Семай не успел еще ответить, а его молчание уже сказало — нет. Он выбрал бы свободу. Маати предвидел такой ответ, но не хотел с ним мириться.

— Будем надеяться, что хай спасет дая-кво, — сказал Семай. — Что он успеет раньше гальтов.

— А если не успеет?

— Ну, тогда я лучше верну Размягченного Камня, чем украшу острие гальтского копья, — мрачно пошутил Семай. — У меня остались кое-какие ранние наброски. Еще с тех пор, как я начал его изучать. Там есть места, где появляется возможность выбрать свойства. Если начать с них, пленение получится другим, и все же нам не придется начинать на ровном месте.

— Они здесь?

— Да, вон в той корзине. Вы можете их забрать, чтобы почитать в библиотеке. Не хочу, чтобы они тут оставались. Боюсь, что сделаю с ними что-нибудь. Я ведь едва их не сжег прошлой ночью.

Маати взял пожелтевшие пергаментные листы, исписанные мелким аккуратным почерком, и спрятал в рукав. Они были совсем легкими, и все же у Маати появилось чувство, будто они ему мешают. Он понимал, что для Семая эти записки означают возвращение в ходячую тюрьму.

— Я посмотрю, — пообещал Маати. — Как только пойму, с чего лучше начать, я что-нибудь набросаю. А там, если все получится, покажем работу даю-кво. Когда он приедет. Но для начала, конечно, нужно все продумать.

— Лучше готовиться к худшему. Мне больше нравится, когда меня приятно удивляют, а не застают врасплох.

Решимость в его голосе было больно слышать. Маати кашлянул, будто предложение, которое он хотел сделать, застряло у него в горле.

— А что если… Я никогда не делал пленения… если бы я взял…

Семай изобразил благодарность и отказ. У Маати словно гора свалилась с плеч, и все же его кольнуло разочарование.

— Это моя ноша, — сказал Семай. — Я поклялся удерживать Размягченного Камня столько, сколько смогу, и я сдержу слово. Не хочу разочаровывать хая. — Он усмехнулся. — Знаете, раньше я бы сказал это, не скрывая сарказма. Поэты все время разочаровывают хайем. Нет, андат не поможет выиграть в хет, не восстановит мужскую доблесть и не выполнит еще тысячу глупых мелочей. Но в последнее время все стало иначе. Я и в самом деле готов сделать, что угодно, только бы не подвести этого человека. Не знаю, что успело перемениться.

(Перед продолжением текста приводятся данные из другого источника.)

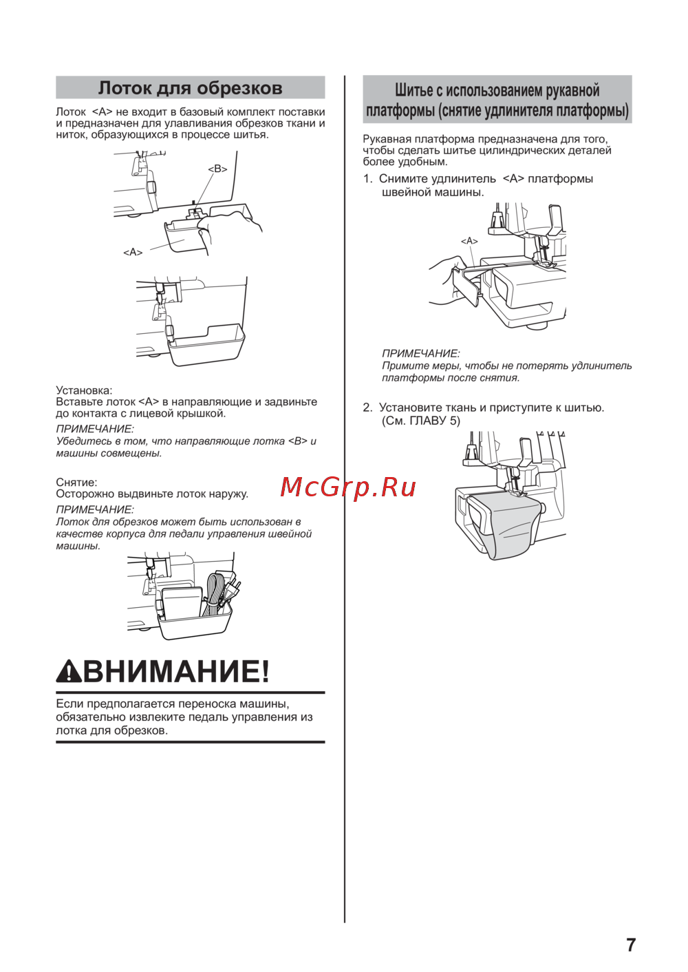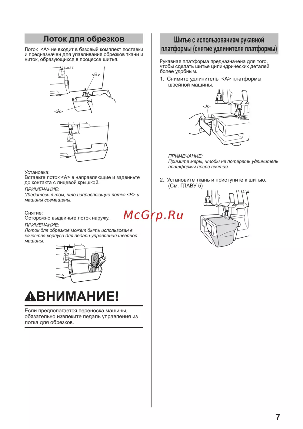 Узнайте, как использовать лоток для обрезков и рукавную платформу для удобного шитья. Подробные инструкции по установке и снятию аксессуаров.
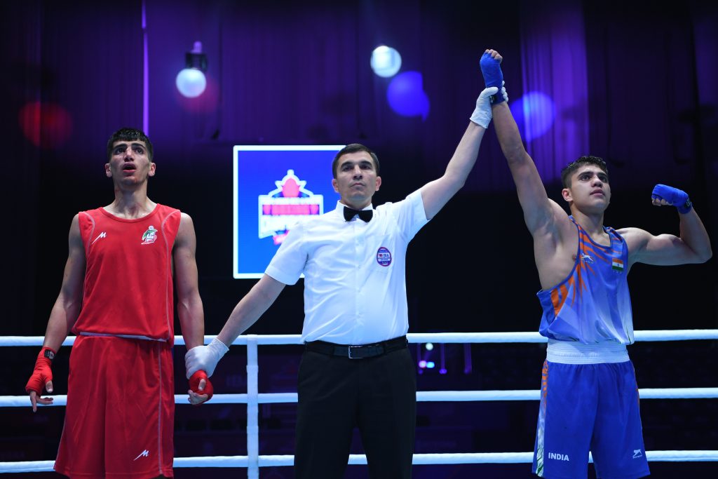 Uzbekistan’s Samandar Khabibullayev became the first medallist at the light middleweight (71kg) following his success over Turkmenistan’s Ylham Nazarov. India’s Priyanshu landed several tough shots in his quarter-final bout and he eliminated Chinese Taipei’s Wu Yu En by referee stopped the contest.
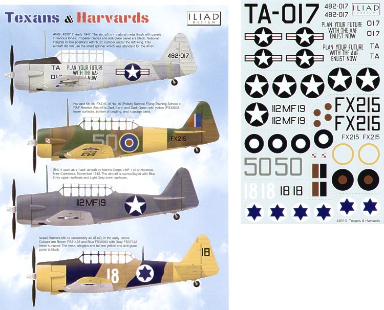 Iliad Design - 1/48 Texans and Harvards (4) North-American AT-6F 482017 TA-017 `Plan Your Future with the Aaf Enlist Now, Harvard Mk.IIb FX215/50 No 16 (Polish) Fts Raf Newton UK, North-American SNJ-4 Texan 112-MF-19 VMF-112 Hack New Caledonia 1942, Harvard Ml Iia No 18 Israeli Air Force 1950s
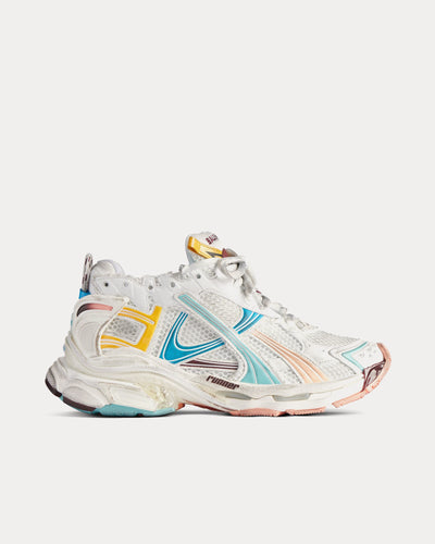 The women's Balenciaga Runner low top sneakers in white, yellow, pink, and blue mesh and nylon are leather free with a worn-out effect, printed size at the edge of the toe, embossed size at back, Runner logo printed on exterior, Balenciaga logo embroidered on the tongue and Balenciaga logo at the back of the heel. Made in Italy.

— Все успело. Такие времена переделывают людей. Меняют нашу суть. Ота старается быть тем, кто нам нужен.

— Наверное, вы правы, — согласился Семай. — А я так этому сопротивляюсь. Даже забываю, что уже поздно. Все надеюсь, что это дурной сон. Жду, что проснусь, а Размягченный Камень расставил фишки на доске. И самой большой моей бедой окажется игра с андатом, а не…

Семай развел руки в стороны и повел ими вокруг, подразумевая дом, дворцы, город и целый мир.

— А не конец света? — закончил за него Маати.

— Вроде того.

Маати вздохнул.

— Знаешь, когда мы были молоды, тогдашний дай-кво выбрал Оту и хотел, чтобы он стал поэтом. Он отказался. Но я думаю, из него получился бы хороший поэт. Такая уж у него природа. Он знает, как сделать то, что нужно.

«Убить человека, взойти на трон, повести войско на смерть», — подумал Маати, но вслух ничего не сказал. То, что нужно.

— Надеюсь, его расплата окажется легче нашей, — сказал Семай.

— Вряд ли.

14

Баласар не верил в знамения. Его отец говаривал, что божество, которое сотворило мир и звезды над ним, уж наверняка сумеет составить несколько внятных фраз, если захочет сказать что-то людям. Баласар, не раздумывая, проглотил эту мудрость. Как еще мог поступить мальчишка, во всем подражающий предмету своего восхищения? И все-таки в ночь перед тем, как лагеря достигла весть о гибели охотников, он увидел сон.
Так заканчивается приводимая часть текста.